Comentário ao Evangelho - IX Domingo Comum
Monsenhor João Scognamiglio Clá Dias
Lucas 7, 1 -10
Naquele tempo, quando acabou de falar ao povo que o escutava, Jesus entrou em Cafarnaum. Havia lá um oficial romano que tinha um empregado a quem estimava muito, e que estava doente, à beira da morte. O oficial ouviu falar de Jesus e enviou alguns anciãos dos judeus, para pedirem que Jesus viesse salvar seu empregado. Chegando onde Jesus estava, pediram-lhe com insistência: “O oficial merece que lhe faças este favor, porque ele estima o nosso povo. Ele até nos construiu uma sinagoga”. Então Jesus pôs-se a caminho com eles. Porém, quando já estava perto da casa, o oficial mandou alguns amigos dizerem a Jesus: “Senhor, não te incomodes, pois não sou digno de que entres em minha casa. Nem mesmo me achei digno de ir pessoalmente a teu encontro. Mas ordena com a tua palavra, e o meu empregado ficará curado. Eu também estou debaixo de autoridade, mas tenho soldados que obedecem às minhas ordens. Se ordeno a um: ‘Vai!’, ele vai; e a outro: ‘Vem!’, ele vem e ao meu empregado ‘Faze isto!’, e ele o faz”. Ouvindo isso, Jesus ficou admirado. Virou-se para a multidão que o seguia, e disse: “Eu vos declaro que nem mesmo em Israel encontrei tamanha fé”.1 Os mensageiros voltaram para a casa do oficial e encontraram o empregado em perfeita saúde.
Laus tibi Christe!
Nosso Senhor Jesus cristo pode e quer nos auxiliar em todas as nossas necessidades. Mas Ele condiciona a manifestação de sua onipotência misericordiosa à intensidade de nossa fé.

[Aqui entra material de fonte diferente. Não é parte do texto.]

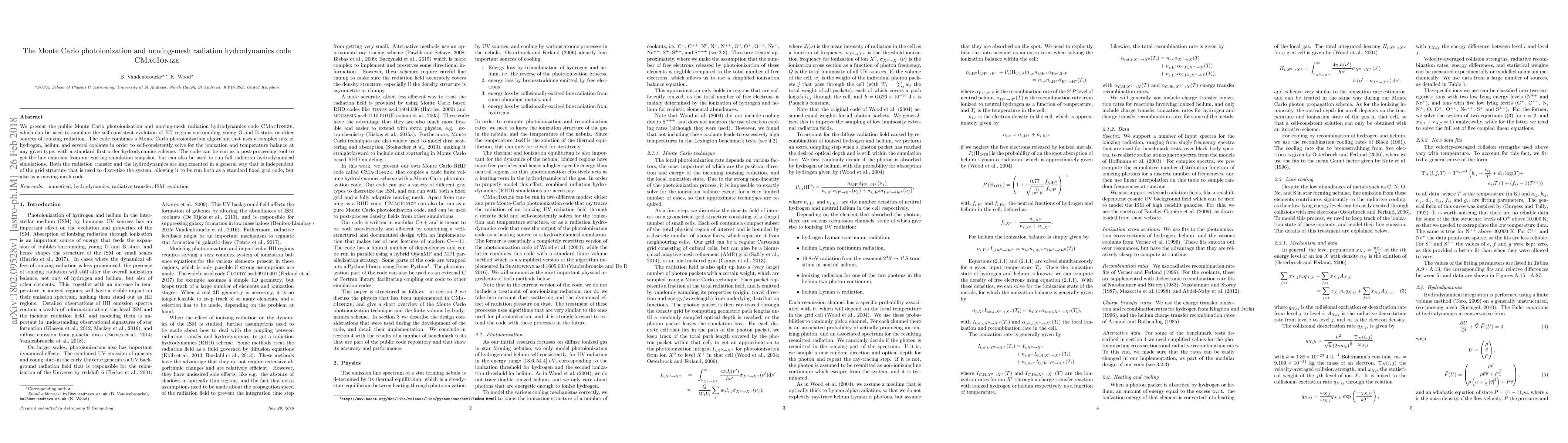 The CMacIonize code integrates Monte Carlo photoionization and moving-mesh radiation hydrodynamics to simulate the evolution of HII regions around young stars. It combines a Monte Carlo photoionization algorithm with a first-order hydrodynamics scheme, allowing for self-consistent ionization and temperature balance calculations.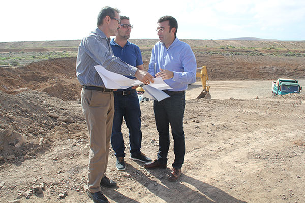 El Consejo Insular de Aguas, dependiente del Cabildo de Fuerteventura, lleva a cabo una serie de obras en el barranco de Guisguey para aprovechar el agua de lluvia, evitar que se pierda tierra de la superficie al mar y mejorar el nivel y la calidad del agua almacenada en el subsuelo de la Isla. El presidente de la Corporación insular, Marcial Morales, visitó hoy, miércoles, día 7 de diciembre, estos trabajos con el consejero de Aguas, Andrés Díaz Matoso, y el técnico del Consejo Insular de Aguas Domingo Montañez.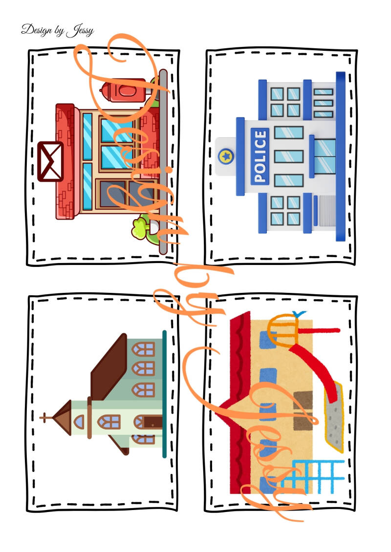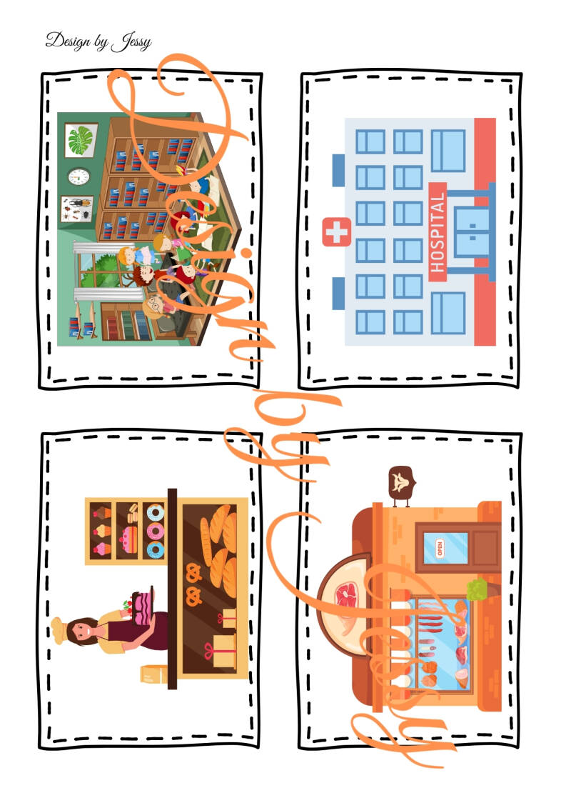 In der Mappe befinden sich Bildkarten mit unterschiedlichen Gebäuden, zum Beispiel Krankenhaus, Polizei, Feuerwehr oder Schule. Die Kinder betrachten die Bildkarten, benennen die Gebäude und sprechen darüber, was man dort macht. Dabei werden einfache Sätze geübt, wie zum Beispiel: „Das ist das Krankenhaus“ oder „Bei der Feuerwehr löschen sie Feuer“.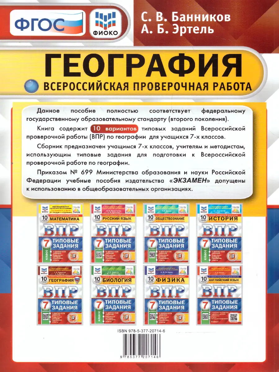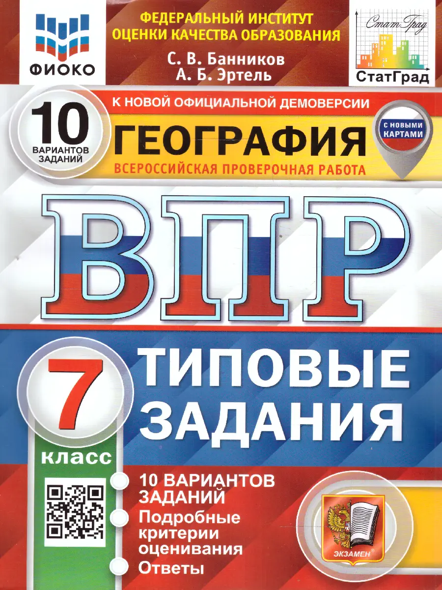 Всероссийские проверочные работы (ВПР). География. 7 класс. 10 типовых заданий. ФИОКО. Статград. (с новыми картами.)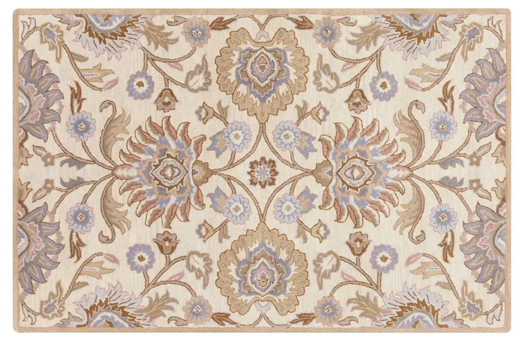 A brilliant patchwork of traditional motifs adds a contemporary twist to this elegantly hand-tufted wool rug. A rug pad is recommended to keep this securely in place.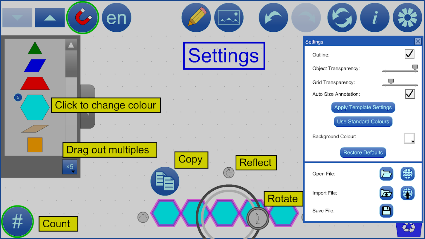 * Blok snap satu sama lain kecuali mengejar dimatikan menggunakan butang magnet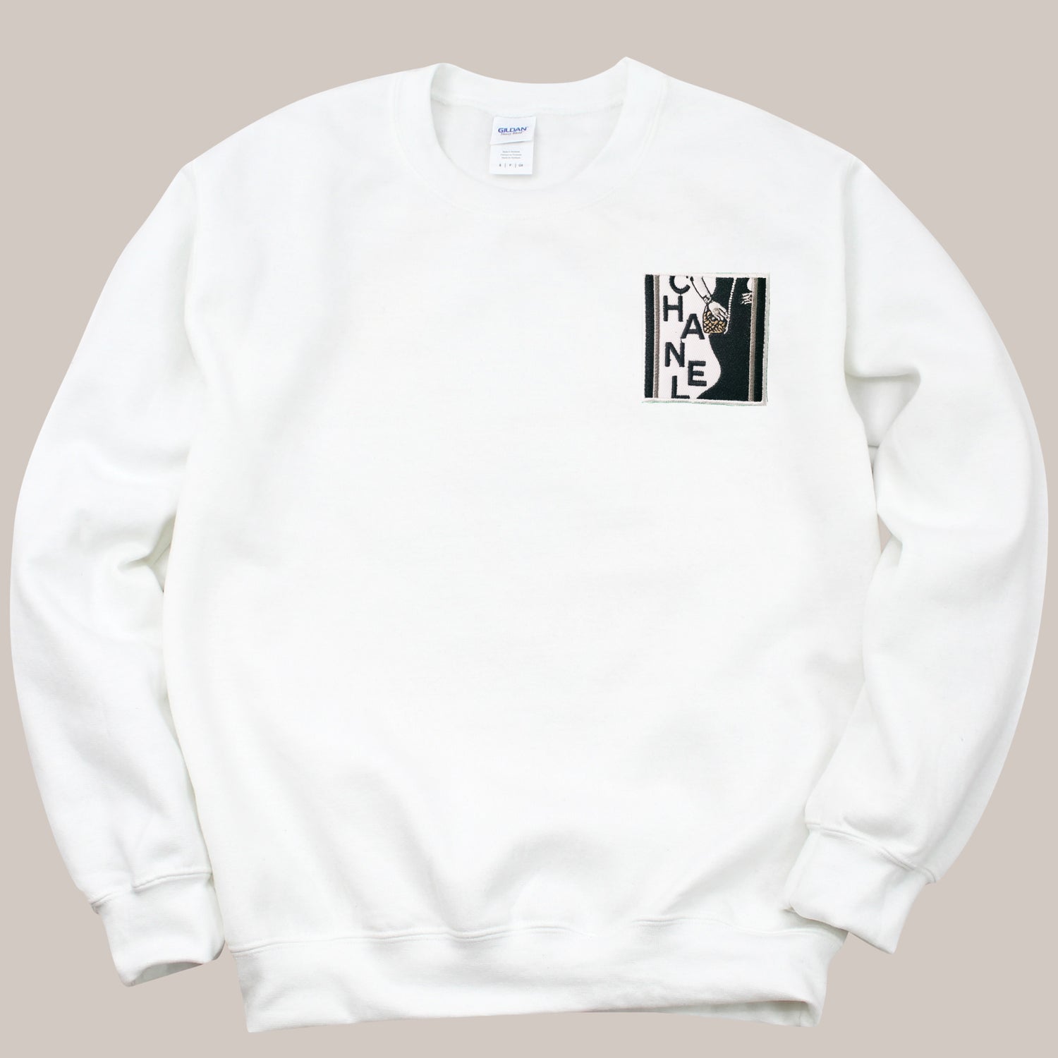 Unisex Sweatshirt with embroidered patch design. Size up for an oversized fit.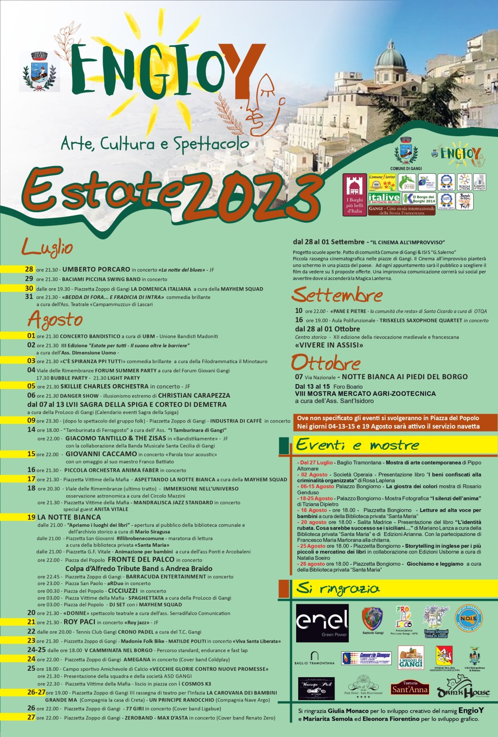 “L’Estate a Gangi – dice il sindaco Giuseppe Ferrarello – è tutta da vivere, una festa con colori e sonorità uniche che volge un occhio particolare alle nuove generazioni anche grazie al Jazz Festival. Un mio ringraziamento e dell’amministrazione comunale a chi ha collaborato nella redazione e programmazione degli eventi, un ringraziamento alla Proloco e alle associazione che hanno collaborato e all’Enel green Power che ha sostenuto l’impegno del nostro cartellone”.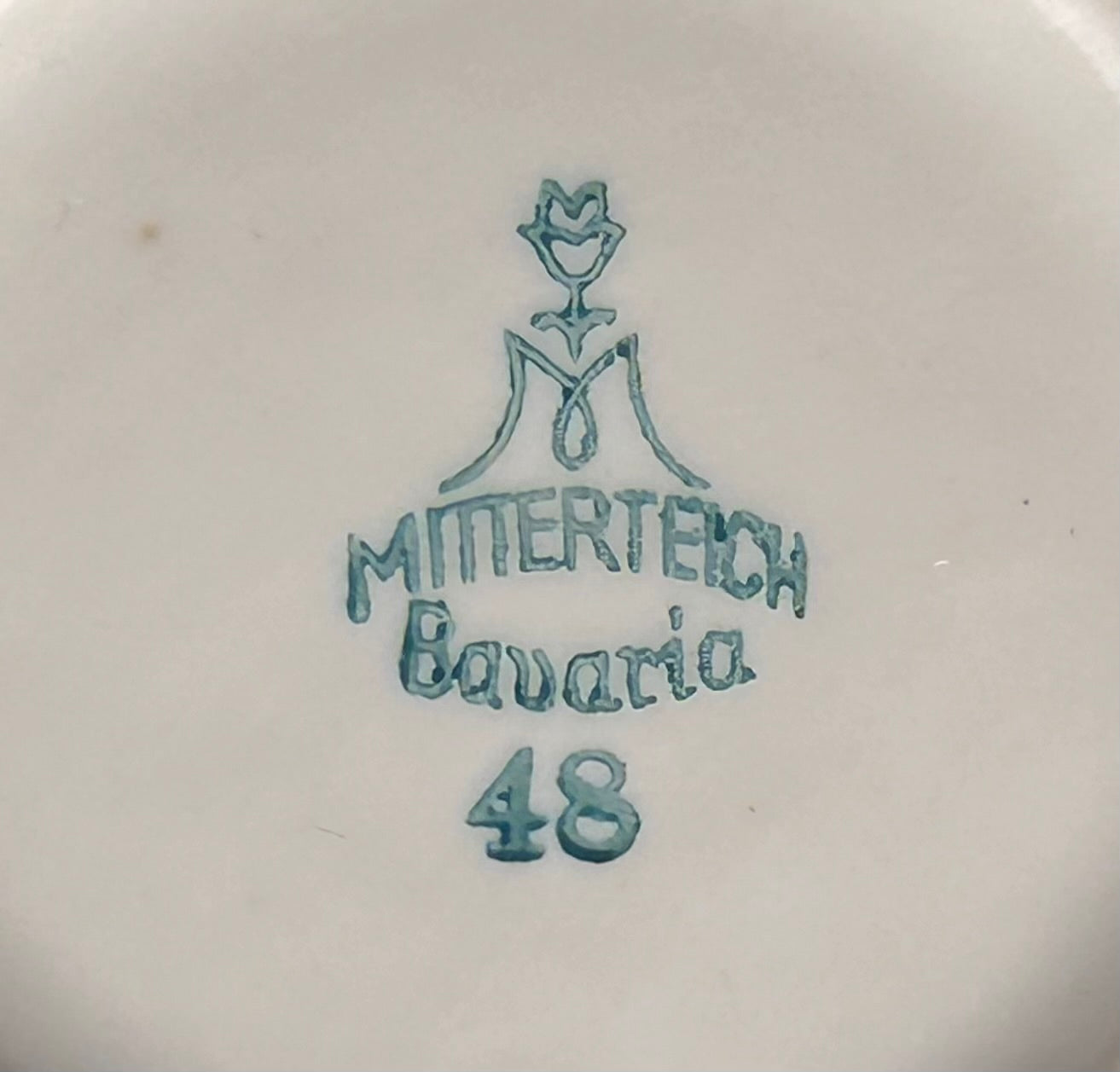 This exquisite pair of 1940’s German Mitterteich Bavaria porcelain personal ashtrays features elegant gilding and violet flower motifs. Ideal for collectors of fine porcelain or smoking accessories, these decorative pieces add a lovely touch of antique European charm to any space.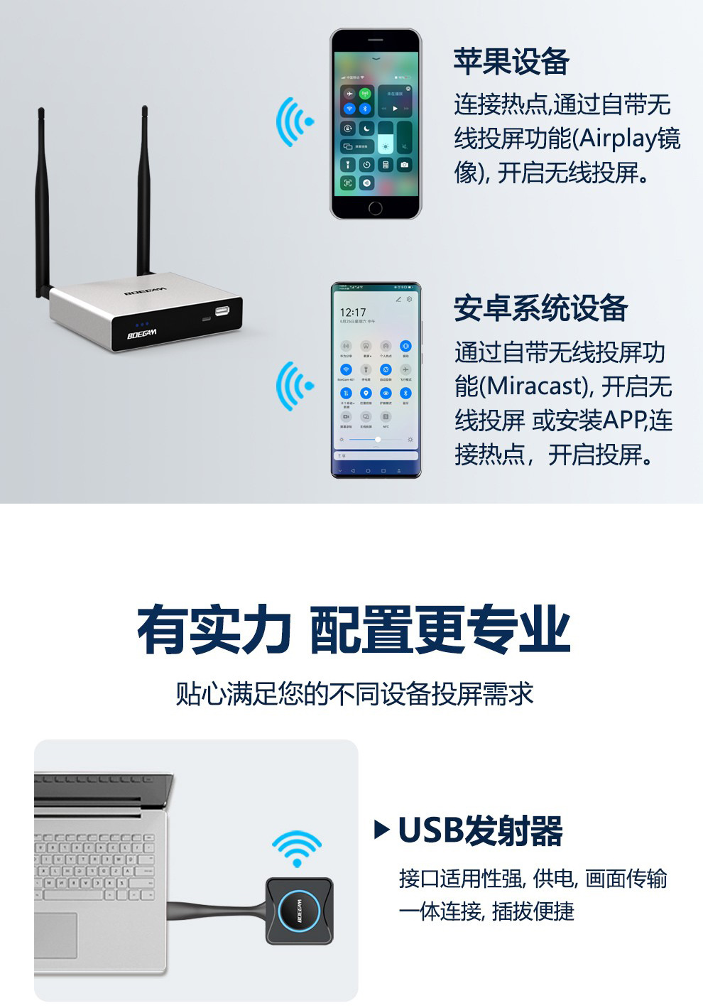 Беспроводной проектор BOEGAM Baojiang VS100/VS200 USB + HDMI + Type-C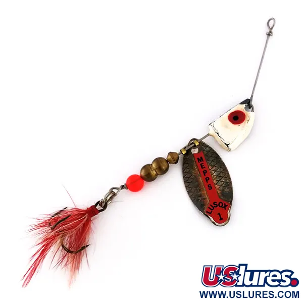 Messinginvärinen lippa, jossa on huomattava punainen tarra 'MEPPS LUSOX 1' -tekstillä, yksilöi tämän Yhdysvalloissa valmistetun yksilön. Pituudeltaan 7,5 cm (3") ja painoltaan 10 g (1/3 oz), rakenne perustuu kestävään teräslankaan. Kokoonpano sisältää mustavalkoiseksi viimeistellyn painopään selkeällä punaisella silmällä, jota seuraa kolme messinkihelmeä ja kirkkaan oranssi välihelmi. Taakse on kiinnitetty punainen höyhenkolmikoukku, joka lisää pehmeän visuaalisen elementin metalliseen profiiliin. Kuntoluokituksella 4/5, maalatut yksityiskohdat ja metallipinnat ovat säilyneet hyvin, näyttäen vain lieviä iän merkkejä. Tämä malli, tuotekoodi 10198, hyödyntää Lusox-sarjalle ominaista klassista vaihdettavaa painopäätä, joka on suunniteltu auttamaan esittelyssä eri syvyyksissä.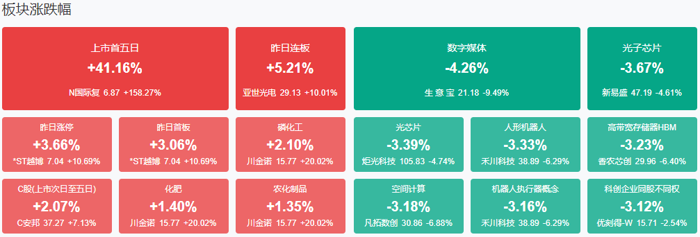 板块方面,PEEK材料、磷化工、贵金属、ST板块等板块涨幅居前,CPO、多模态、半导体、数据要素等板块跌幅居前。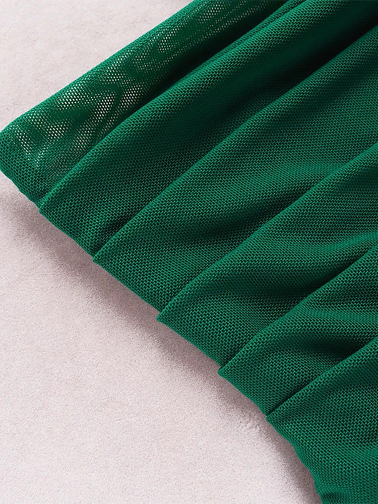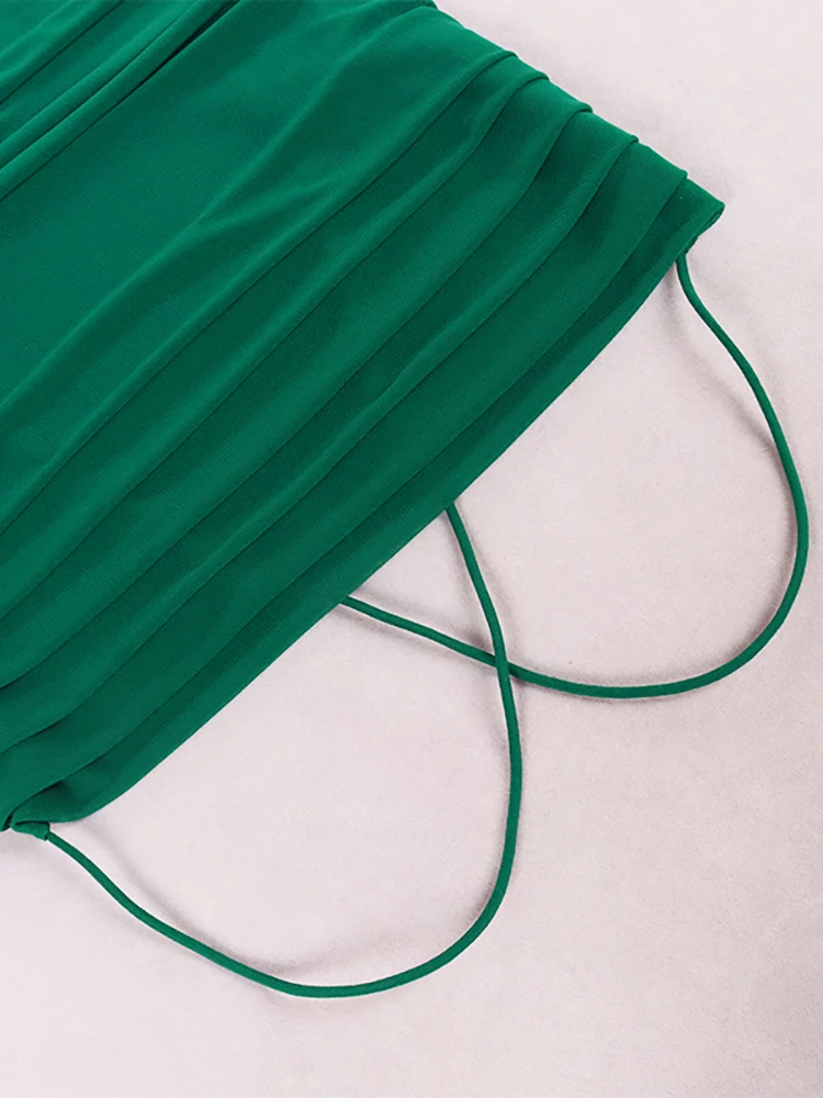 Cowl Neck Ruched Bodycon Midi Dress in Green

I - O VERBO DIVINO É ONIPOTENTE
Pelo semblante se conhece um homem; pelo aspecto do rosto se reconhece o sábio. A maneira como um homem se veste e como sorri, e a sua maneira de andar revelam aquilo que ele é”, observa o Eclesiástico (19, 26-27), transformando em máxima esse curioso matiz do relacionamento social. De fato, observar o exterior de uma pessoa leva-nos a melhor conhecê-la, pois algo da própria personalidade transparece tanto através da constituição física do corpo, quanto por meio de suas reações temperamentais.
Assim, embora o homem não veja o que se passa no interior de seu semelhante, pode discerni-lo pelas manifestações exteriores. Tal capacidade de percepção ocupa importante papel na vida em sociedade, pois, permitindo ao homem formar uma noção mais completa a respeito de seu próximo, propicia certa facilidade de mútua compreensão e adaptação, fatores indispensáveis para uma boa convivência.
Não obstante, essa regra teve uma singular exceção na História: Nosso Senhor Jesus Cristo. Sem dúvida, seu semblante e modo de ser denotavam, de forma indiscutível, um caráter superior. No aspecto físico não havia a mínima incorreção; dos gestos e do olhar emanavam nobreza e sublimidade, além de uma irresistível força de atração sobre quem O contemplasse, mesmo por poucos instantes. Contudo, por mais extraordinária que fosse a compleição de Jesus — a qual refletia sua perfeitíssima alma humana —, ela não evidenciava sua personalidade divina. E essa foi a prova de todos os que d’Ele se aproximaram durante os 33 anos de sua vida mortal: crer na divindade d’Aquele Mestre “exteriormente reconhecido como homem” (Fl 2, 7).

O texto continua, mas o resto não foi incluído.